India ready to talk with Pakistan on Kashmir

Staff Reporter

Islamabad—Indian High Commissioner Gautam Bambawale on Wednesday submitted Indian Foreign Secretary S Jaishankar’s reply to an earlier Pakistan invitation for dialogue, expressing his country’s ‘willingness’ for talks with Pakistan on the Kashmir dispute, sources in the Foreign Office said Wednesday.
However, India also pushed for talks on “certain other issues”, they added.
Foreign Secretary Aizaz Chaudhry had on Monday invited his Indian counterpart to Pakistan for dialogue on the Kashmir dispute in a letter that “highlighted the international obligations of Pakistan and India with regards to resolving the Kashmir dispute in accordance with United Nations Security Council resolutions”.

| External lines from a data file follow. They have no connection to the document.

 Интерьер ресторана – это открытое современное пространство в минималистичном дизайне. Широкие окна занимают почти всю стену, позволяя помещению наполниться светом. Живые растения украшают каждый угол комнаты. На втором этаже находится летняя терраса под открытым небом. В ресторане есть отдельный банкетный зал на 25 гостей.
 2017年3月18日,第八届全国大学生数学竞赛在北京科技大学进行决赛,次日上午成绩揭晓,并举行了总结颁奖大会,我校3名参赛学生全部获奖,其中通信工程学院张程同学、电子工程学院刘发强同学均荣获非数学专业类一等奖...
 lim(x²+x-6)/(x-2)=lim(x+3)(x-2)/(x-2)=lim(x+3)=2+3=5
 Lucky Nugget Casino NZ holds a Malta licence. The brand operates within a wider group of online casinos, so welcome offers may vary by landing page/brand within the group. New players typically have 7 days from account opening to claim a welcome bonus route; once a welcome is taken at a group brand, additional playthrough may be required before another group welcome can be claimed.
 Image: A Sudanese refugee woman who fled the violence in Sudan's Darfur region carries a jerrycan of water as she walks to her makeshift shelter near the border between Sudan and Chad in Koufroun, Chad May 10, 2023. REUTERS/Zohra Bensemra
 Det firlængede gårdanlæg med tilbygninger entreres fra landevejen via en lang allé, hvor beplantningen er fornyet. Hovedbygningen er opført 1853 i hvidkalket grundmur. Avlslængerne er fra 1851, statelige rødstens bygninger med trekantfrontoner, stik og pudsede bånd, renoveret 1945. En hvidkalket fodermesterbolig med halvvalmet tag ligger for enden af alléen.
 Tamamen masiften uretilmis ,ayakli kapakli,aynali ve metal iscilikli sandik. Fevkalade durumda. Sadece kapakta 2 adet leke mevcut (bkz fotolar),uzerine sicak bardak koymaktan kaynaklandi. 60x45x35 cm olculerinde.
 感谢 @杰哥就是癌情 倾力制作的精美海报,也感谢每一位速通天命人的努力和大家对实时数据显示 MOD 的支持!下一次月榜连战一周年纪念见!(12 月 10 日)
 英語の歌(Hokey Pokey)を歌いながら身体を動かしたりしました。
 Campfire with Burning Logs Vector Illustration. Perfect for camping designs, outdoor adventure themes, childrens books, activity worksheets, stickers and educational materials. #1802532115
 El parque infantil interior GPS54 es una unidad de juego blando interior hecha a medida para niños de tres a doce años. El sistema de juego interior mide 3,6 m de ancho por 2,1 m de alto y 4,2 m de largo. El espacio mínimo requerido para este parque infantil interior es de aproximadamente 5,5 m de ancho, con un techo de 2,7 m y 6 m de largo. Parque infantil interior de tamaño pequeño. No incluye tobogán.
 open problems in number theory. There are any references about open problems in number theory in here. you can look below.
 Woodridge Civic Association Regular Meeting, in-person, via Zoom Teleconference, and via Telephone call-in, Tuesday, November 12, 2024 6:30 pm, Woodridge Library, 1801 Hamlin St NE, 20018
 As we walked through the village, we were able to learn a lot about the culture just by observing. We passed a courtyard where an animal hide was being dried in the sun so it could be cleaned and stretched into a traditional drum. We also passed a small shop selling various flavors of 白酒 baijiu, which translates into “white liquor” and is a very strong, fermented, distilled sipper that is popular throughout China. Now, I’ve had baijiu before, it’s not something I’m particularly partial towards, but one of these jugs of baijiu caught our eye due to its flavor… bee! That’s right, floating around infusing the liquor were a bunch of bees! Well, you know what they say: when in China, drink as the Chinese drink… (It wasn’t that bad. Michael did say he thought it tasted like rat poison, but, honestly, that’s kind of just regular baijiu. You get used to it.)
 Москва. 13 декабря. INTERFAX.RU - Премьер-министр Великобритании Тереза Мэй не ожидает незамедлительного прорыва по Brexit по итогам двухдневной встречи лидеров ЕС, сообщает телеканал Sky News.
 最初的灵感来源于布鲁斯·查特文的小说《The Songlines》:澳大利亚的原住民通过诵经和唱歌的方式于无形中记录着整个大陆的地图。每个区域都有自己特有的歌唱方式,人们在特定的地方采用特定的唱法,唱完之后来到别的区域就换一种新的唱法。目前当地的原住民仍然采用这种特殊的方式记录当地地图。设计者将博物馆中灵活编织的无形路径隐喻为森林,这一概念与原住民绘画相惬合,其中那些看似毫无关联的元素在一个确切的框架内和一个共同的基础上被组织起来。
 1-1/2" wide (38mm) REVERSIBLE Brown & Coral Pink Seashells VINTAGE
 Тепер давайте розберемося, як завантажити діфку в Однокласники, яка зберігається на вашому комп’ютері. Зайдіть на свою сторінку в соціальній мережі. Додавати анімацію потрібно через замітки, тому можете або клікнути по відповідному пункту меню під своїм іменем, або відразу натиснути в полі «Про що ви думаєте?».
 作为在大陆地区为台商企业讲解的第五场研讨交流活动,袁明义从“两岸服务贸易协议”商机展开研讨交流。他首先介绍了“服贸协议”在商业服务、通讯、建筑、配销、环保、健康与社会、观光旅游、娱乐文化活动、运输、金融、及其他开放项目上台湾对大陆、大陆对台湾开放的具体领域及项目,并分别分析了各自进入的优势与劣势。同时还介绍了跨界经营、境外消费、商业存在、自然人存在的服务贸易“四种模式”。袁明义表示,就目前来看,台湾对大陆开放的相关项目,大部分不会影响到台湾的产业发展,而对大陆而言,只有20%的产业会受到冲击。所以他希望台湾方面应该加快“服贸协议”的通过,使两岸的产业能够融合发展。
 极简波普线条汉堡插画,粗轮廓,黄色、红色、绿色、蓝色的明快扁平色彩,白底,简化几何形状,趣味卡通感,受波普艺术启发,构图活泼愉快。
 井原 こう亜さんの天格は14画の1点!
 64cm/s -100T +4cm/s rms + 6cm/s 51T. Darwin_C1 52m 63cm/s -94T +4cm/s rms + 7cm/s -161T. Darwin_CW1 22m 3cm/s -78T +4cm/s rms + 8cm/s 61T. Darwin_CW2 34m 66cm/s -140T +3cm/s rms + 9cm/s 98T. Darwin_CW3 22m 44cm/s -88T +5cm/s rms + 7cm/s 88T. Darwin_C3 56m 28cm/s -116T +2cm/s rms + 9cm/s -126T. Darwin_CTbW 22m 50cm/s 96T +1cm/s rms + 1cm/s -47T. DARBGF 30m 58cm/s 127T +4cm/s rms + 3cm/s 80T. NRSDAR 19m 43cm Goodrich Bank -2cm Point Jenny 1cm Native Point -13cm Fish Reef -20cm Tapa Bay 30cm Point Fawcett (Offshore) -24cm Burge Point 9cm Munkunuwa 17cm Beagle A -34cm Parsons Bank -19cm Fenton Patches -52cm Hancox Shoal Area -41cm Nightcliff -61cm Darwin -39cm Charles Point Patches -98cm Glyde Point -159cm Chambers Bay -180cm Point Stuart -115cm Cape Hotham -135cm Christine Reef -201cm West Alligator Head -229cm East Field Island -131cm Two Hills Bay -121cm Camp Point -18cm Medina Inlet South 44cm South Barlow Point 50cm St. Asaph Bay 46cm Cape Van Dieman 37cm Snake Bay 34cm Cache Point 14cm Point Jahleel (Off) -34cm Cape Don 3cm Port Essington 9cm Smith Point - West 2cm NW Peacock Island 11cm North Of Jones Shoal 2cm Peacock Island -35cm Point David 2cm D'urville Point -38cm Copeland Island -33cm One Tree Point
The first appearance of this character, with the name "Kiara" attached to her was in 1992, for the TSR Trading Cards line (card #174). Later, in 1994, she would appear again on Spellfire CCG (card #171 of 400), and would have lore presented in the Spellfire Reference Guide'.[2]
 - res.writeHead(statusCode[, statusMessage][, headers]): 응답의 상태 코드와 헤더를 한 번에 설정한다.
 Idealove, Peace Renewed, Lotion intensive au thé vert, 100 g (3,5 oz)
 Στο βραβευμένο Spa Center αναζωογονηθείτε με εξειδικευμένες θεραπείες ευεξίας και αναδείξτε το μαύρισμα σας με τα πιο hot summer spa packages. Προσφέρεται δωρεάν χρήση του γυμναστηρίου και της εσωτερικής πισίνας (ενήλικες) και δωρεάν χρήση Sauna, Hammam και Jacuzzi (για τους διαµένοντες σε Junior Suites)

Foreign Office is now preparing a response to India’s reply keeping in mind Pakistan’s stance on certain issues, as well as the ongoing situation in Kashmir.
Indian foreign ministry sources on Wednesday told foreign news agency that talks should focus on the situation in Kashmir, adding that India is willing to send Jaishankar to Pakistan for talks focused on fighting cross-border terrorism.
The Indian sources made it clear, however, that India “rejects in their entirety the self-serving allegations regarding the situation in Jammu and Kashmir, which is an integral part of India”.
The move comes as relations between Pakistan and India remain strained because of Kashmir issue.
Indian Defence Minister Manohar Parrikar on Tuesday told a rally in India-held Kashmir that “going to Pakistan is the same as going to hell”.
Parrikar went on to say that Indian troops had “sent back five terrorists yesterday”, referring to the gunmen who were reportedly killed while attempting a cross-border incursion on Monday.
On Aug 14, Prime Minister Nawaz Sharif and Pakistan’s High Commissioner to New Delhi Abdul Basit dedicated Independence Day to the freedom of Kashmiris, while both neighbours traded allegations of ‘unprovoked’ cross-border firing along the working boundary.
Tensions between Pakistan and India have been running high since the killing of Hizbul Mujahideen commander Burhan Wani sparked anti-government protests in India-held Kashmir, with over 60 people dead in clashes between protesters and Indian authorities.
Last week, Adviser to the Prime Minister on Foreign Affairs Sartaj Aziz had announced Pakistan was ready for dialogue with India on Kashmir, in response to which India listed issues that must be addressed before any progress is possible.